Within continual evaluation, we run both:

  • top-10
  • full

where:

  • top-10 is mainly for fast debugging and curve inspection
  • full is used for final score/token comparisons

Current Benchmark Coverage

The most complete and reliable results currently come from:

  • PinchBench

Another benchmark:

  • ClawEval

has not yet been fully summarized in this README. So the claims below should be interpreted as:

  • PinchBench: current main result line
  • ClawEval: to be added later

Current Results

Full Continual Baseline

Reference baseline:

  • run 10154
  • score: 81.8% (18.8 / 23.0)
  • total tokens: 2,140,641

Full Continual EcoClaw

We ran a batchturn ablation for continual full evaluation:

  • turnbatch=1 -> 10167
  • turnbatch=2 -> 10168
  • turnbatch=3 -> 10169
  • turnbatch=4 -> 10170
  • turnbatch=5 -> 10171

The best current efficiency/quality tradeoff is:

  • run 10169
  • configuration: decoupled + fifo + turnbatch=3
  • score: 85.3% (19.6 / 23.0)
  • total tokens: 1,139,456

Compared with baseline 10154:

  • token reduction: 1,001,185
  • relative reduction: about 46.8%
  • score improvement: 81.8% -> 85.3%

This is the main result we currently stand behind.

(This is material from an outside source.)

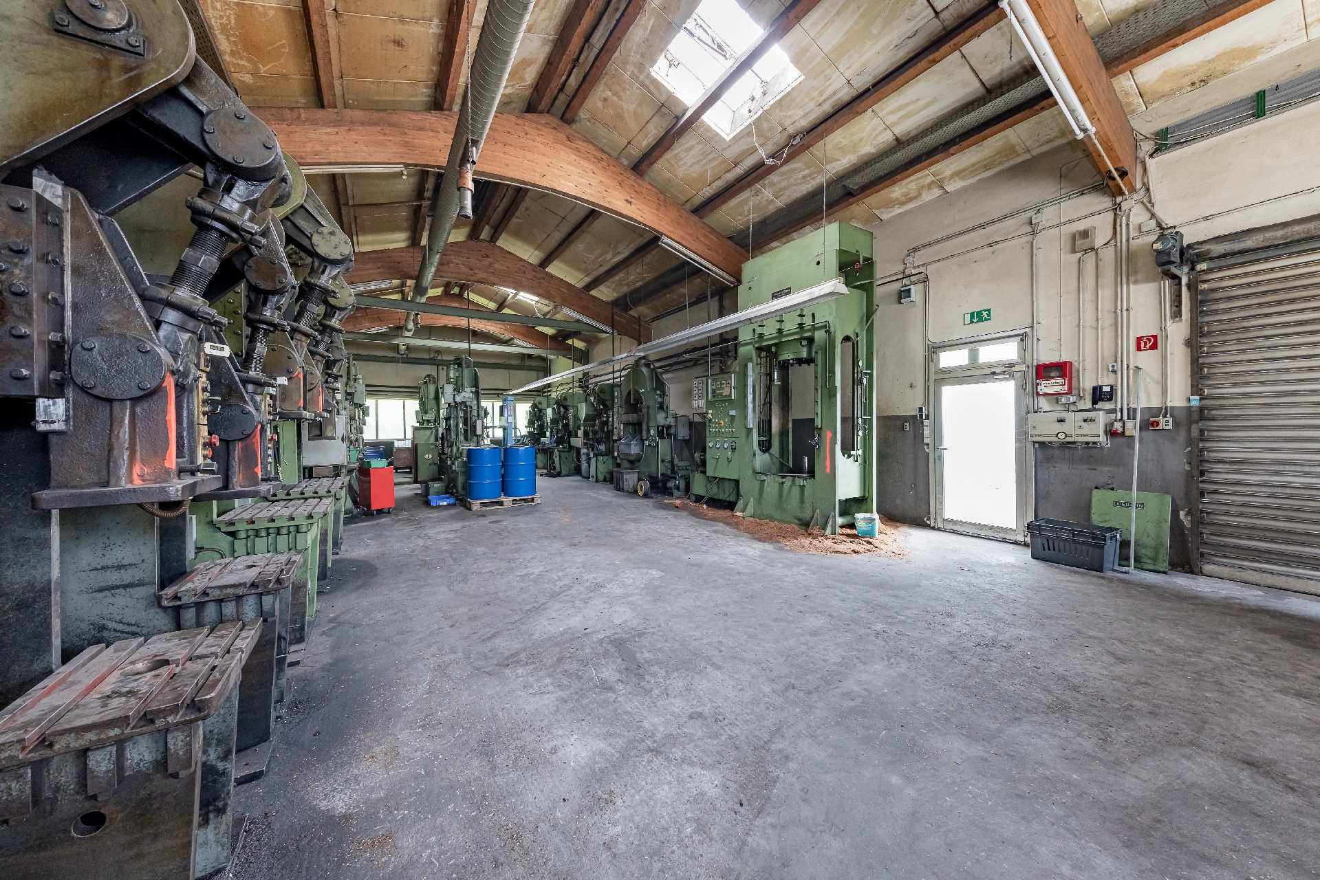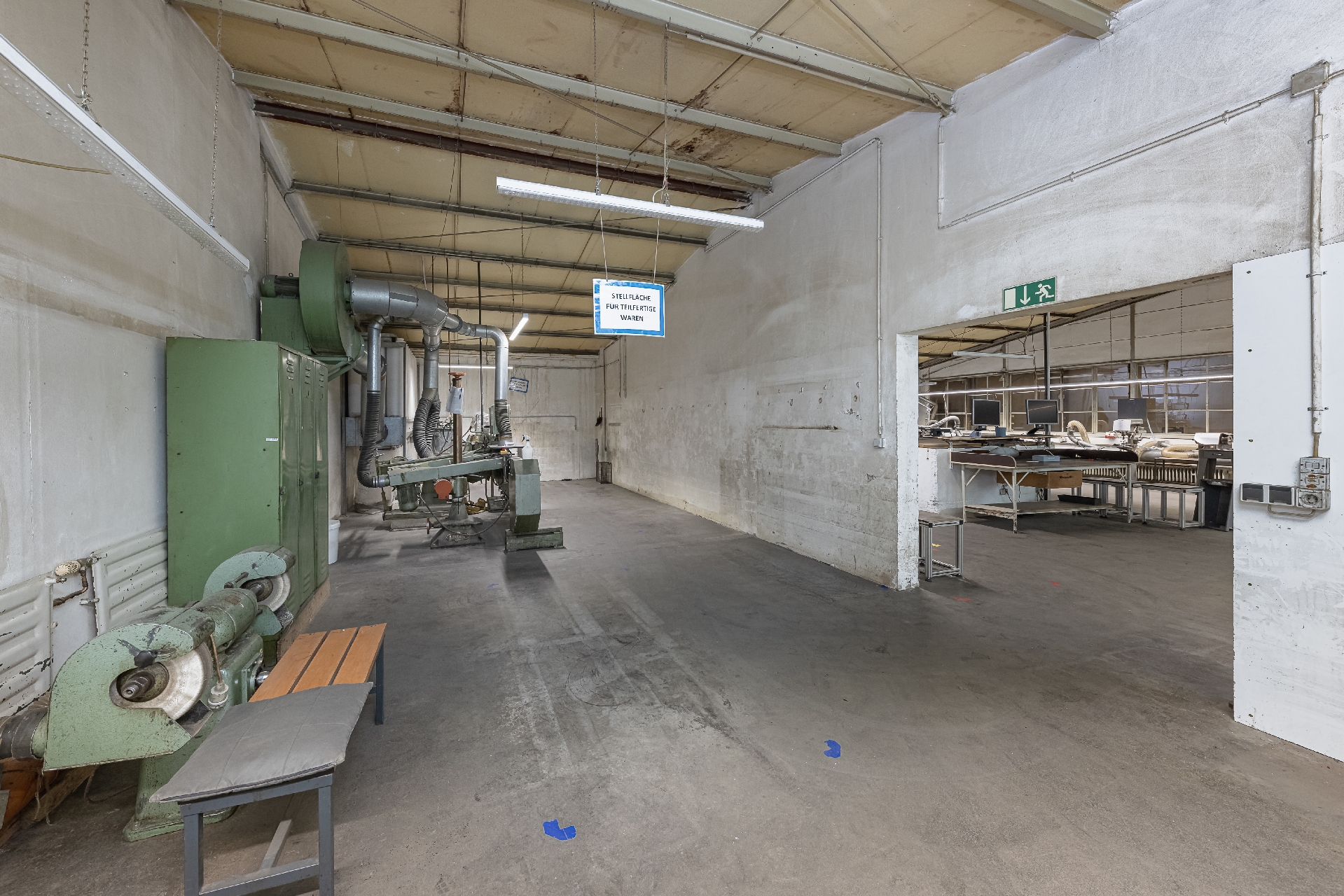 Die Produktionshallen sind ebenerdig über Roll- und Flügeltore zugänglich und bieten dank robuster Bauweise hohe Traglastreserven ideal für Maschinenparks, Flurfördertechnik oder schweres Lagergut. Die Gebäudeabschnitte sind intern miteinander verbunden und ermöglichen sowohl eine durchgehende Nutzung als auch eine flexible Teilung für unterschiedliche Betriebsbereiche oder eine Teilvermietung.

Accuracy-Oriented Reference

We also observed:

  • run 10170
  • turnbatch=4
  • score: 86.0%
  • total tokens: 1,990,529

So:

  • turnbatch=4 is a useful accuracy-oriented reference
  • but it is not the best efficiency operating point

Why EcoClaw Saves Tokens Compared with Baseline

Relative to the baseline, EcoClaw reduces token cost in four concrete ways:

  1. old tasks no longer remain in canonical history indefinitely
  2. oversized tool outputs are slimmed or persisted before dominating future prompts
  3. stable-prefix handling improves cache reuse continuity
  4. decoupled eviction avoids the prompt churn and cache-locality damage seen in the earlier coupled variant

So the gains do not come from a single compression trick. They come from combining:

  • cache stability
  • local reduction
  • task-aware eviction

Current Scope

Included in this README:

  • stable-prefix
  • reduction
  • tool-result persistence
  • task-state estimator
  • decoupled FIFO eviction

Not included in this README:

  • live compaction runtime
  • compaction result claims
  • future lifecycle-aware reduction redesigns

Repository Layout

Key directories:

  • experiments/
    benchmark harness, task definitions, and experiment scripts

  • scripts/
    commonly used launch scripts

  • results/
    structured benchmark outputs

  • save/
    archived runs and generated artifacts

  • docs/
    bench-side notes, bug reports, and cleanup records


Reading Guide

For a quick understanding of the project:

  1. this README
  2. architecture notes under EcoClaw/docs/architecture/
  3. docs/experiments/estimator-eviction-decoupling.md
  4. the main scripts under scripts/

Current Takeaway

At this stage, the main conclusion is straightforward:

  • naive continual history replay is too expensive
  • pure coupled eviction is unstable
  • decoupled + fifo is more controllable
  • stable-prefix + reduction + task-aware eviction can cut total tokens by nearly half on full continual runs while maintaining or improving benchmark score

That is the current core value proposition of EcoClaw.